But there are limits. For instance, ZFS does not make a backup unnecessary. If there’s a fire and your drives melt, then ZFS can’t do anything. Or if the hardware is lying about the drive geometry. ZFS is part of the operating environment and, as a consequence, relies on the hardware.

so ZFS can’t make unreliable hardware reliable. All it can do is trying to protect the data you saved on it. But it cannot guarantee this to you if the hardware becomes its enemy.

A real world example: I have a 32 core Opteron server here, with 4 FibreChannel Controllers and 4 JBODs with a total of [64] FC drives connected to it, running a RAID 10 using ZFS mirrors. Sounds a lot like high end hardware compared to your NFS server, right? But … I have exactly the same symptom. If one drive fails, an entire JBOD with all 16 included drives hangs, and all zpool access freezes. The reason for this is the miserable JBOD hardware. There’s only one FC loop inside of it, the drives are connected serially to each other, and if one drive dies, the drives behind it go downhill, too. ZFS immediately starts caring about the data, the zpool command hangs (but I still have traffic on the other half of the ZFS mirror!), and it does the right thing by doing so: whatever happens, my data must not be damaged.

A “bad” filesystem like Linux ext2 or ext3 with LVM would just continue, even if the Volume Manager noticed the missing drive or not. That’s what you experienced. But you run in the real danger of having to use fsck at some point. Or, in my case, fsck’ing 5 TB of data on 64 drives. That’s not much fun and results in a lot more downtime than replacing the faulty drive.

What can you expect from ZFS in your case? You can expect it to detect that a drive is missing and to make sure, that your _data integrity_ isn’t compromised. By any means necessary. This may even require to make a system completely unresponsive until a timeout has passed.

But what you described is not a case of reliability. You want something completely different. You expect it to deliver *availability*.

And availability is something ZFS doesn’t promise. It simply can’t deliver this. You have the impression that NTFS and various other Filesystems do so, but that’s an illusion. The next reboot followed by a fsck run will show you why. Availability requires full reliability of every included component of your server as a minimum, and you can’t expect ZFS or any other filesystem to deliver this with cheap IDE hardware.

Usually people want to save money when buying hardware, and ZFS is a good choice to deliver the *reliability* then. But the conceptual stalemate between reliability and availability of such cheap hardware still exists – the hardware is cheap, the file system and services may be reliable, but as soon as you want *availability*, it’s getting expensive again, because you have to buy every hardware component at least twice.

So, you have the choice:

a) If you want *availability*, stay with your old solution. But you have no guarantee that your data is always intact. You’ll always be able to stream your video, but you have no guarantee that the client will receive a stream without drop outs forever.
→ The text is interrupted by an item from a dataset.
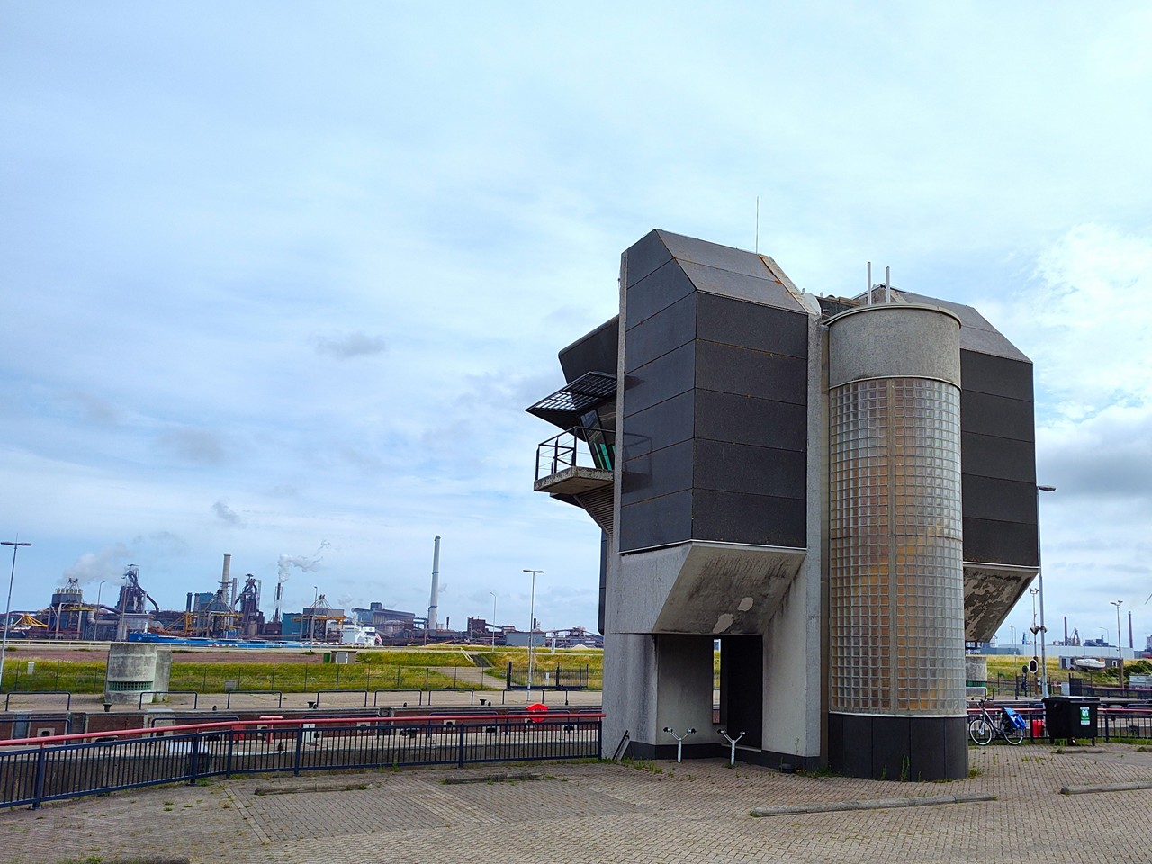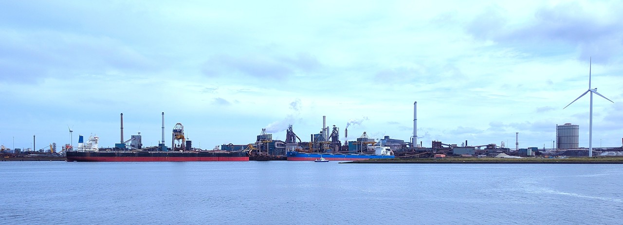 Hinter den Schleusen erheben sich die Schlote des 1918 errichteten Stahlwerks „Koninklijke Hoogovens“, das heute zur indischen Tata-Gruppe gehört. Aus dem Werksgelände dampft es gewaltig in den Himmel – ein Zeichen, dass die Hochöfen nicht stillstehen.

b) If you want *data integrity*, ZFS is your best friend. But you may have slight availability issues when it comes to hardware defects. You may reduce the percentage of pain during a disaster by spending more money, e.g. by making the SATA controllers redundant and creating a mirror (than controller 1 will hang, but controller 2 will continue working), but you must not forget that your PCI bridges, fans, power supplies, etc. remain single points of failures why can take the entire service down like your pulling of the non-hotpluggable drive did.
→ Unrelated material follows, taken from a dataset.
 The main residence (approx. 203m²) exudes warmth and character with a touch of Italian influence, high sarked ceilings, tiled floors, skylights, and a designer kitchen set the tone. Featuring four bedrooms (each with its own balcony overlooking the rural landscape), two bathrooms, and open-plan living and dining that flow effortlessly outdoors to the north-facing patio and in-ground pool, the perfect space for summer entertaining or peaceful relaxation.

c) If you want both, you should buy a second server and create a NFS cluster.

Hope I could help you a bit,

Ralf

The only thing somewhat lacking from the post is that creating a NFS cluster comes across as not being a very complex thing to do either. Tightly coupling anything really is pretty complicated especially it needs to be stateful (for lack of a better word), in this case the data must be in sync(then there’s the IP-level tolerance, optional MAC takeover, handling fail over of NFS clients to the backup system, failing back, performing online upgrades etc). Just look at the guide Red Hat wrote for building a HA NFS cluster with GFS. Just look at the diagram on page 21 if you don’t want to read the whole thing! Hell I’ll put the digram here because we need more color, note that Red Hat forgot network and fiber switch fault tolerance –

That. Is. A. Lot. Of. Moving. Parts. I was actually considering deploying this at a previous company(not the one that brought up the ZFS discussion), budgets were slashed and I left shortly before the company (and economy) really nose dived.
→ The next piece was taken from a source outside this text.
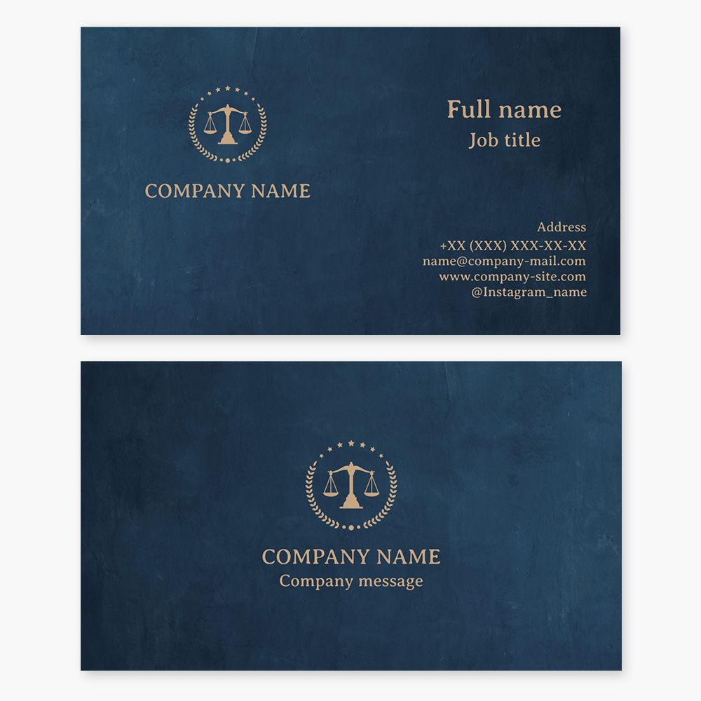 Business card template "Scales of Justice, Wreath, Stars." Law Firm.

Also take note in the above example, that only covers the NFS portion of the cluster, they do not talk about how the back end storage is protected. GFS is a shared file system, so the assumption is you are operating on a SAN of some sort. In my case I was planning to use our 3PAR E200 at the time.

Unlike say providing fault tolerance for a network device(setting aside stateful firewalls in this example), since the TCP stack in general is a very forgiving system, storage on the other hand makes so many assumptions about stuff “just working” that you know as well as I do, when storage breaks, usually everything above it breaks hard too, and in crazy complicated ways (I just love to see that “D” in the linux process list after a storage event). Stateful firewall replication is fairly simple by contrast.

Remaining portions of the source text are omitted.